FIG. 7. — Histone H3 K56 mutants exhibit phenotypes of *hst4*Δ mutant. (A) h3.2 only (ROP239), h3.2-K56R (ROP247), and h3.2-K56Q (ROP253) mutants were grown to log phase, DNA was stained with DAPI, and cells were photographed under a microscope. (B) Wild-type (LPY3279), h3.2 only (ROP239), h3.2-K56R (ROP247), and h3.2-K56Q (ROP253) mutants were grown to log phase, and fivefold serial dilutions were spotted onto rich media (YES) plates either lacking (control) or containing the indicated amount of MMS or CPT (shown below the panels) and incubated at 32°C. (C) The histone H3 K56R mutation is epistatic to *hst4*Δ. Fivefold serial dilutions of the strains, wild-type (LPY3279), *hst4*Δ (LPY3278), h3.2 only (ROP239), h3.2-K56R (ROP247), h3.2-K56R hst4Δ (ROP275), h3.2-K56Q (ROP253), and h3.2-K56Q hst4Δ (ROP278) strains indicated on the left of the figure were spotted onto rich media either lacking (control) or containing the indicated amount of MMS or CPT (shown below the panels) and incubated at 32°C. wt, wild type.

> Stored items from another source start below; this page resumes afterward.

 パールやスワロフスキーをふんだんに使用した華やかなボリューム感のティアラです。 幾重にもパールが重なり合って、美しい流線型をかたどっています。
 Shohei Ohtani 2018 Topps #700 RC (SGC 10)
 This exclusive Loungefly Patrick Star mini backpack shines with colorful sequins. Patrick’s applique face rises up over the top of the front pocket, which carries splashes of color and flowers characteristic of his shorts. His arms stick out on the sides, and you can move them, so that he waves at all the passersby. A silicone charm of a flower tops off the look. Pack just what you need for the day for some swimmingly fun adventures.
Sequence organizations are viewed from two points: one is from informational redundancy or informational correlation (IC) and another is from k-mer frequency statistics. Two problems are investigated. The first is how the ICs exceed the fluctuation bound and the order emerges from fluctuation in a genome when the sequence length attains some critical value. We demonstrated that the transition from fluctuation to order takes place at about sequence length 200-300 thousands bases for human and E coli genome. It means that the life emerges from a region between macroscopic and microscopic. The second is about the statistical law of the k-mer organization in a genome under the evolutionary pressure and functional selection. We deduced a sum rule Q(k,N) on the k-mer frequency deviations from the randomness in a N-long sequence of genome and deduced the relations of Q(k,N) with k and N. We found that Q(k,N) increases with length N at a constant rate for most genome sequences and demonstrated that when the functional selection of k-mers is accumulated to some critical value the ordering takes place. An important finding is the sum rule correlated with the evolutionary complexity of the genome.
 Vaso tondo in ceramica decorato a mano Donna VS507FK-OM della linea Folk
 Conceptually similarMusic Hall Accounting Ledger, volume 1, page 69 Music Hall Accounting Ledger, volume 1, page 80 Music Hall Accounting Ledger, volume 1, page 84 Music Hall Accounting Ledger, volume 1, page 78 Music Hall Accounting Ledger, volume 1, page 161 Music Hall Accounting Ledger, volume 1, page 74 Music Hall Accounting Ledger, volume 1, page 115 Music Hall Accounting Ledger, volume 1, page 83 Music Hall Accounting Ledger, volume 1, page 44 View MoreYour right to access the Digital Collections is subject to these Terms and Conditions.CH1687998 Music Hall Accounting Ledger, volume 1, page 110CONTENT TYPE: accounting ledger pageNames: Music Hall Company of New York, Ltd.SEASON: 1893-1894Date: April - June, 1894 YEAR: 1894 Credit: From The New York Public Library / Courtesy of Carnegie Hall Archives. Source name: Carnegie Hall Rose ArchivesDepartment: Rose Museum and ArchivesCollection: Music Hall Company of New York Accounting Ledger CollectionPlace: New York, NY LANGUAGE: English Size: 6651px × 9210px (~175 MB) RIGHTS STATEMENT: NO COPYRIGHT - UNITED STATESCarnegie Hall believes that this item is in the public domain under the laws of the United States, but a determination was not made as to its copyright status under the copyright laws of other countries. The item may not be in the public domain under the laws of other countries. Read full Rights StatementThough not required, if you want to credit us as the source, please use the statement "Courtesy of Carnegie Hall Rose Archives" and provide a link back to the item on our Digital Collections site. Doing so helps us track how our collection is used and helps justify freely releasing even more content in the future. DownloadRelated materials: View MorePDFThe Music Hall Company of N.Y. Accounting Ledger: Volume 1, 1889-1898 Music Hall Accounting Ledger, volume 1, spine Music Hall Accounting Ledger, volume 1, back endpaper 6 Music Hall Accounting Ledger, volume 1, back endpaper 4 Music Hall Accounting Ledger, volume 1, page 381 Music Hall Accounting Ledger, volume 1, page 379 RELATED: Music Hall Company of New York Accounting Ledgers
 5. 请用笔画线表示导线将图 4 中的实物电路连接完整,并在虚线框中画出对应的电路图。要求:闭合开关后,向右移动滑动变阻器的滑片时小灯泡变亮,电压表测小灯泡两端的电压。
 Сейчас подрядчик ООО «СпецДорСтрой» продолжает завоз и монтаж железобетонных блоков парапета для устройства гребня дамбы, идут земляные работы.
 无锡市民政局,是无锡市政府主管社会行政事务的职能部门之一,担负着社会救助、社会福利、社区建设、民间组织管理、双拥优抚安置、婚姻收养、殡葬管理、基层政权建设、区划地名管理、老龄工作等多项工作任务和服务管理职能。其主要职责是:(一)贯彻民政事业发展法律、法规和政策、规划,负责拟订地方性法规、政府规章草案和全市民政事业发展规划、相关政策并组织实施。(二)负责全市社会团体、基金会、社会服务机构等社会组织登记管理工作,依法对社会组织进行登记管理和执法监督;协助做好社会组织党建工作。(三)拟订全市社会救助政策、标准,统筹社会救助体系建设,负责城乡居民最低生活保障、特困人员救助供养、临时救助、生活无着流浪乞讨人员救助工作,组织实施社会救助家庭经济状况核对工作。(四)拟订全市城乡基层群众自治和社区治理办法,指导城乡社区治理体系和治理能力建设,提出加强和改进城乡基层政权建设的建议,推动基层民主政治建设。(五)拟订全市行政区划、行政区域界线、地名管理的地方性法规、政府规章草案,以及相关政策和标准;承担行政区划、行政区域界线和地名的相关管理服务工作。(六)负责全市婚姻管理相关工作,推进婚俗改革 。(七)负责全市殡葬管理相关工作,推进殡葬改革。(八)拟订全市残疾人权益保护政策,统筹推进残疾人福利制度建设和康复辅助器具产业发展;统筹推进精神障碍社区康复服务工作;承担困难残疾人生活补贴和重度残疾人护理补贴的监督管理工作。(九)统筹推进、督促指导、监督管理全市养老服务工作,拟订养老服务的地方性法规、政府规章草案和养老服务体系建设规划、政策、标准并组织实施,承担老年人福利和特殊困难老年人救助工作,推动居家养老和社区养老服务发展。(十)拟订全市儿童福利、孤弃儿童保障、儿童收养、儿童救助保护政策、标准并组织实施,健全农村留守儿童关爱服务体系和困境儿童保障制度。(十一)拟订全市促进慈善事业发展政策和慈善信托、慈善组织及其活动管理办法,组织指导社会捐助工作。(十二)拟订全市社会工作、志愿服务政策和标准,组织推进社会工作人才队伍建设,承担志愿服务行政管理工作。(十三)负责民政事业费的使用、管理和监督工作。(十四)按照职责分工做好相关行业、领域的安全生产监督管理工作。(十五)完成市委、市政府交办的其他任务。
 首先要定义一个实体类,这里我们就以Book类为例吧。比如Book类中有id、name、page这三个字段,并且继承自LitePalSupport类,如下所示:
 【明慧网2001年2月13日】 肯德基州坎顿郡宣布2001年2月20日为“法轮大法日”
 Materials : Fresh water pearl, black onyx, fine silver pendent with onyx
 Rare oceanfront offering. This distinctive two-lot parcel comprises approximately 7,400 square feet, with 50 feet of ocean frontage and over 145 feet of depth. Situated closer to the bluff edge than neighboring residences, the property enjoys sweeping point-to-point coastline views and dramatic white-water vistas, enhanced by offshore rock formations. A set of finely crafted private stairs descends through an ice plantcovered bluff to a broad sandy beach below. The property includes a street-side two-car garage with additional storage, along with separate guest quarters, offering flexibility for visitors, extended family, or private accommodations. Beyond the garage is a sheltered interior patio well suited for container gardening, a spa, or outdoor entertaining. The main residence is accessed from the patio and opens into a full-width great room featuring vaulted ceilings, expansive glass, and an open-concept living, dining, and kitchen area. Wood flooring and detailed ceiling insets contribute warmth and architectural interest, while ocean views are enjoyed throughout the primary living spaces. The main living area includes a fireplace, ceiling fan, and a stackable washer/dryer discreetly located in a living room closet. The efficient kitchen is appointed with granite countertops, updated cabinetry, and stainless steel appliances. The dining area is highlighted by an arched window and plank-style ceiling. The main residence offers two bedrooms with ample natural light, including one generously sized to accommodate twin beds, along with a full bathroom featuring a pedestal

We next examined the effects of these mutations on the ability of cells to grow in the presence of DNA-damaging drugs. Serial dilutions of the appropriate strains were spotted onto plates containing MMS or CPT, and growth was monitored. Interestingly, similar to the hst4Δ mutant, both K56R and K56Q mutants were sensitive to MMS and CPT. However, the histone H3 K56Q mutant, which mimics the constitutively acetylated state, was less sensitive to MMS and CPT than the K56R mutant, which mimics the constitutively deacetylated state. The hst4Δ strain in which histone H3 was constitutively acetylated on K56 was more sensitive to CPT than the K56Q mutant, which mimics the constitutively acetylated state (Fig. 7B). These results suggest that changes in the acetylation state of histone H3 K56 following DNA damage and during DNA damage response are important for cell survival. This is similar to the Nua4- and Sin3p-dependent acetylation and deacetylation of histone H4 at DNA lesions in S. cerevisiae (5).

The histone H3 K56R mutation is epistatic to hst4Δ.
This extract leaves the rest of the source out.